Duckhorn Raising Prices
Duckhorn Portfolio thinks its customers can handle a price increase, it said in announcing its earnings for fiscal 2022. The stock fell 6.7%. Net sales rose 10.7% to $372.5 million. Net income rose 7.5% to $60.2 million, or 52 cents a share.
"Our results reflect sustained, healthy share gains within luxury wine, which benefits from the continued premiumization tailwind," said Alex Ryan, CEO/president.
Ryan continued, "Looking to fiscal year 2023, we believe we are well-positioned to continue to outpace the growing luxury wine segment. While we are mindful of macro uncertainties, we believe that our core customer will continue to be resilient. Furthermore, we remain optimistic about our long-term prospects and our ability to execute against a considerable distribution whitespace opportunity. Our exemplary product offering, differentiated go-to-market strategy, prudent growth investments and strong relationships within the trade give us confidence that we will deliver sustainable, profitable growth that seeks to maximize stakeholder value over the long-term."
The increase in net sales was driven by 7.1% volume growth which lapped a robust 40.4% growth rate in the prior year period, supported by positive price/mix contribution of 2.9%, the company said.

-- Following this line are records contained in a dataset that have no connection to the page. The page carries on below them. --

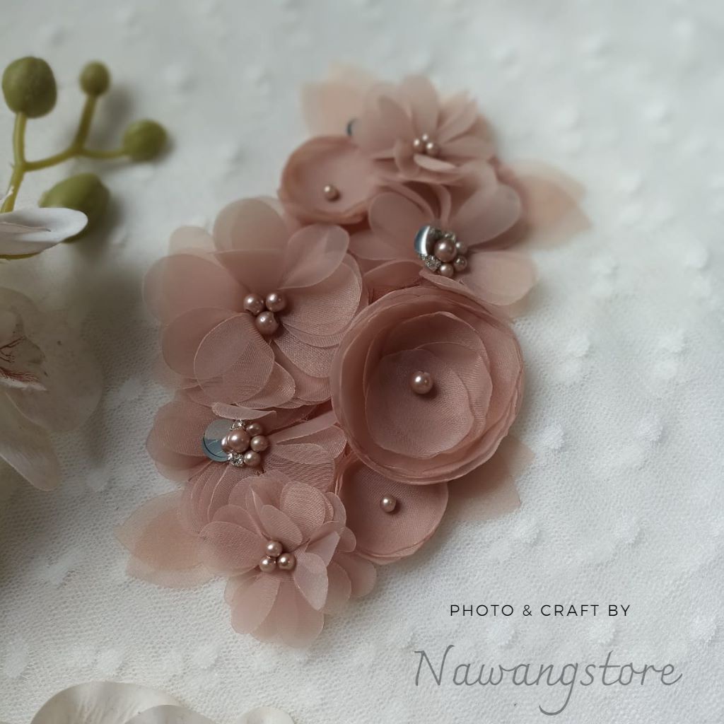 Aplikasi bunga 3D biasa diaplikasikan ke gaun , kebaya , gamis, hijab, flowercrown, headband , hiasan mahar dll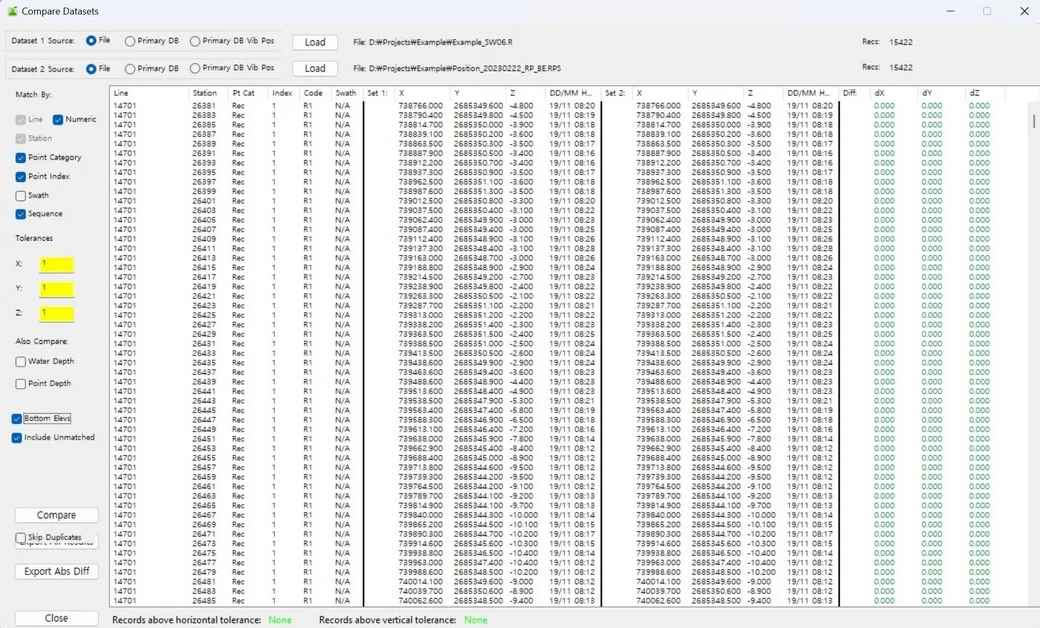 One of the most used features in Position is the Compare Datasets function. Datasets from external files or selections from the database can be compared using various parameters, and the results exported to a csv file. Either all records or just those with detected differences can be exported.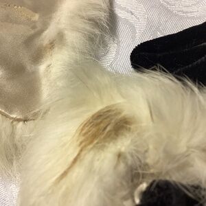 This is a vintage item. I believe it’s rabbit fur it is lined on the back and gorgeous beautiful satin looks like an area where there might’ve been a price tag and it’s a little tiny area. There doesn’t hurt the wearability of it. It’s been meticulously stored. The item itself is 16 inches long. I’m not sure how this actually goes, but it does have a snap And then it has the little velvet black ribbon with the tassels. It’s kind of put on with a pin so we’re selling this exactly as shown and we hope that you enjoy looking at our beautiful vintage pieces this month no smoke no pet selling exactly as you see described if you’re looking for positively perfect this may not be for you if you don’t mind a tiny little bit of TLC which I believe is all that this needs it’s really a rare item. Whoops, I see one more little stain on the POM POM OF ONE. and I’m taking a picture of that right now selling as shown.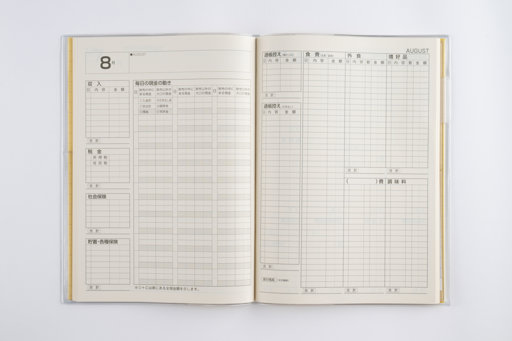 「食費」「外食費」など何にどれだけ使ったか、費目ごとに1ヵ月の収支を手早く把握。日記帳としても活用できるメモスペース付きです。レシートやカード等をスッキリ収納できる特製フリーポケット付き。ペンホルダー付き。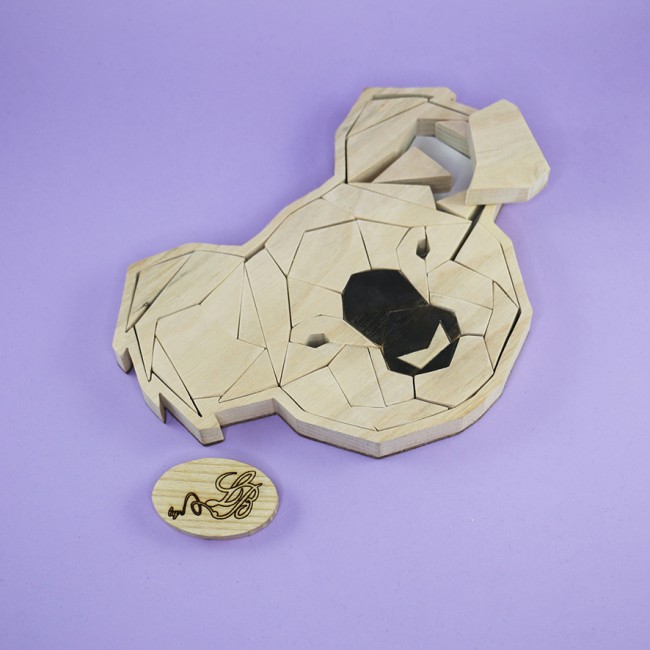 Puzzle - Casse-tête KOALA géométrique en bois naturel, fait main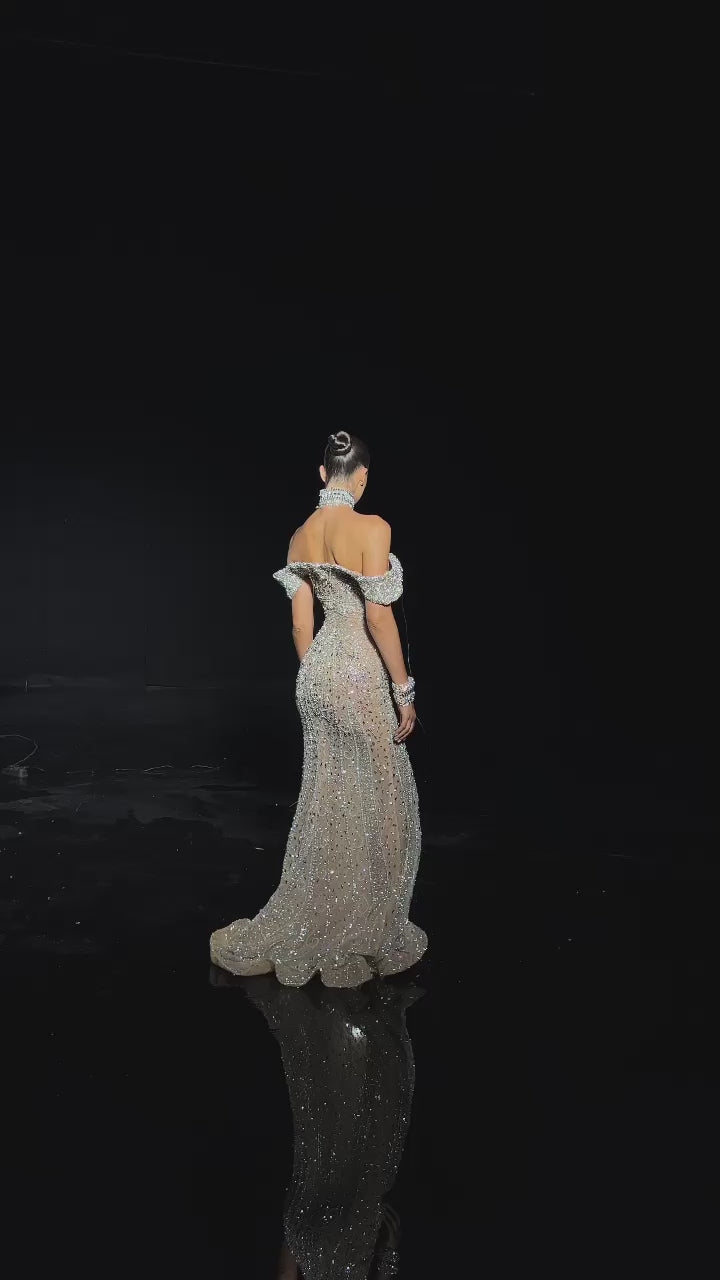 Command the room in the Lionheart Gown, a daring blend of opulence and allure. This floor-length evening dress dazzles with glittering beads and rhinestones that highlight its seductive v-neck and off-the-shoulder design. The figure-hugging mermaid silhouette and customizable fit ensure you stand out at weddings, parties, or proms. Crafted from cotton, polyester, and tulle, this sleeveless gown with a court train is your ultimate statement of fearless elegance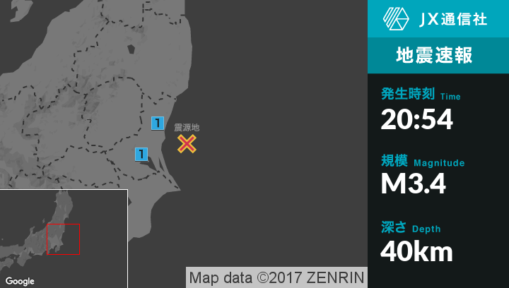 | 震度1 | 水戸市, 笠間市, ひたちなか市, 土浦市, 茨城鹿嶋市, 行方市, 鉾田市 |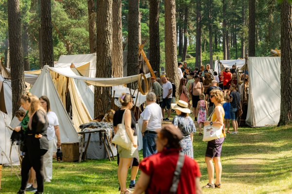 Mange tok turen til Landeparken for å få med seg vikingmarkedet og de andre aktivitetene under Olavsdagene 2025.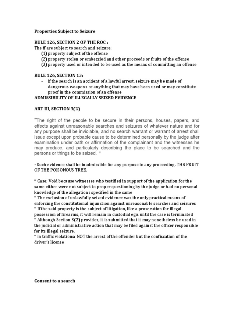 The ff are subject to search and seizure: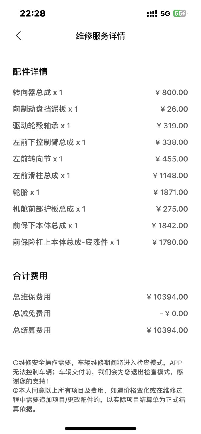相比我之前开了近六年多的燃油车,我的胖虎这次事故维修费用清单都能通过小鹏汽车App中查询到!同样在平安好车主App上也能查找到具体理赔金额!一开始还担心单方事故,保险公司不予理赔,但结果却是我想多了!理赔的过程还是相当顺利的,平安保险公司会把维修钱款直接付给小鹏汽车仓山售后服务中心,而我只需要在App上电子签名确认就完成理赔!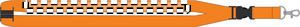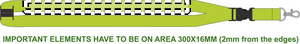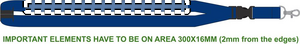 Lanyard with metal hook, detachable buckle and safety breakaway. 20 mm wide.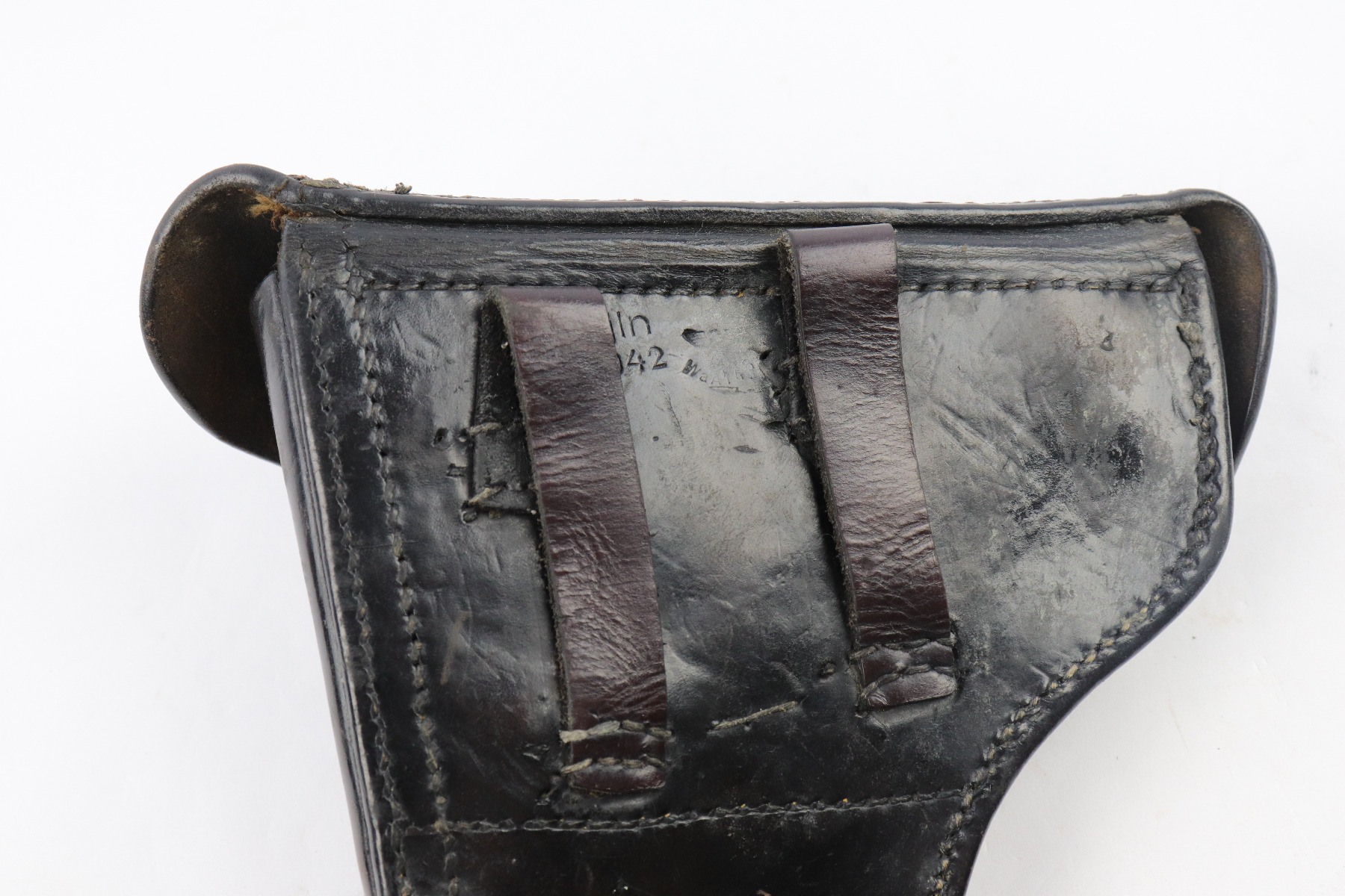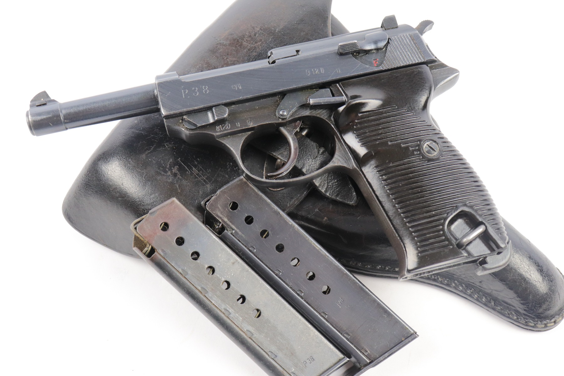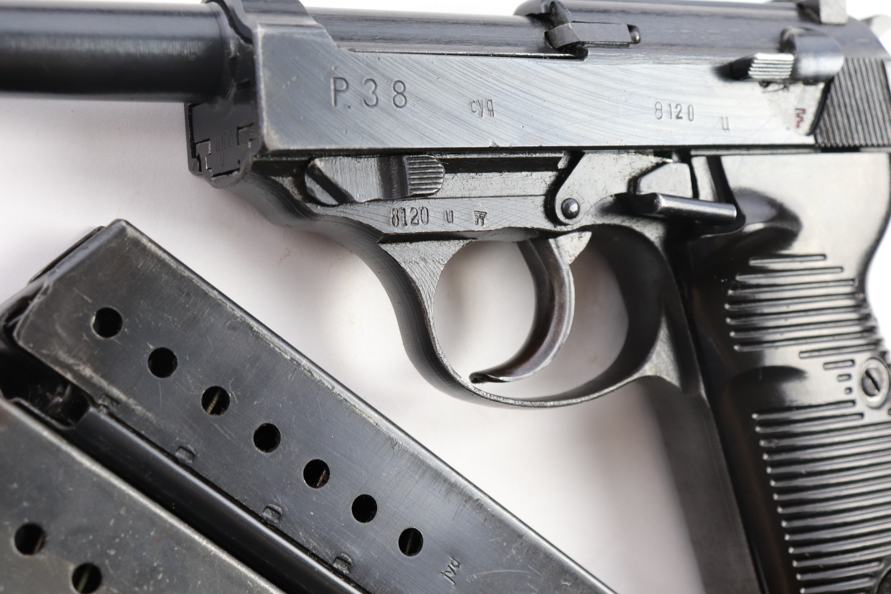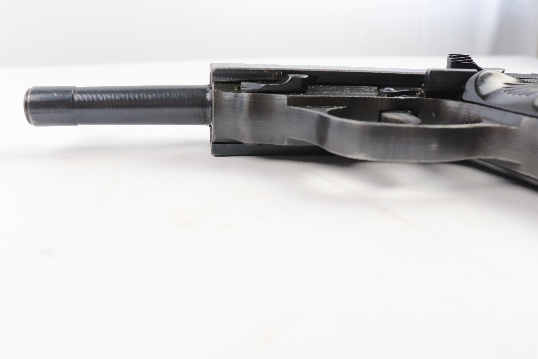 3/30/18 – This is an original CYQ P.38 Rig from late WW2. The serial number puts it in September 1944 production. The pistol has rough machining marks on the slide – an iconic sign of late war production. The pistol is in great conditoin overall and mechically sound as well as fully functional. The action is smooth and decocker functions properly. The finish on the pistol overall is about 96% with most of the wear appearing on the front strap. There’s also some light edge wear on the muzzle and slide. The bore is excellent with strong rifling and minimal patina. Guaranteed all original. Comes with a 1942 dated holster in good condition, but the back belt loops have been restitched. The stitching looks like a WW2 era field replacement. Missing the lift strap as well. Comes with a spare period correct magazine as well.

"The positive price/mix contribution was primarily attributable to DTC channel sales out-performance relative to wholesale channel growth, augmented by favorable brand mix movements evident in the strong net sales performance for both our wholesale California direct to trade channel and our wholesale to distributor channel versus the prior year period. We now refer to our sales directly to retail accounts in California, a point of distinction among large California wine producers, as the "Direct to Trade Channel". On a like-for-like basis, pricing changes were immaterial to our sales performance," it added.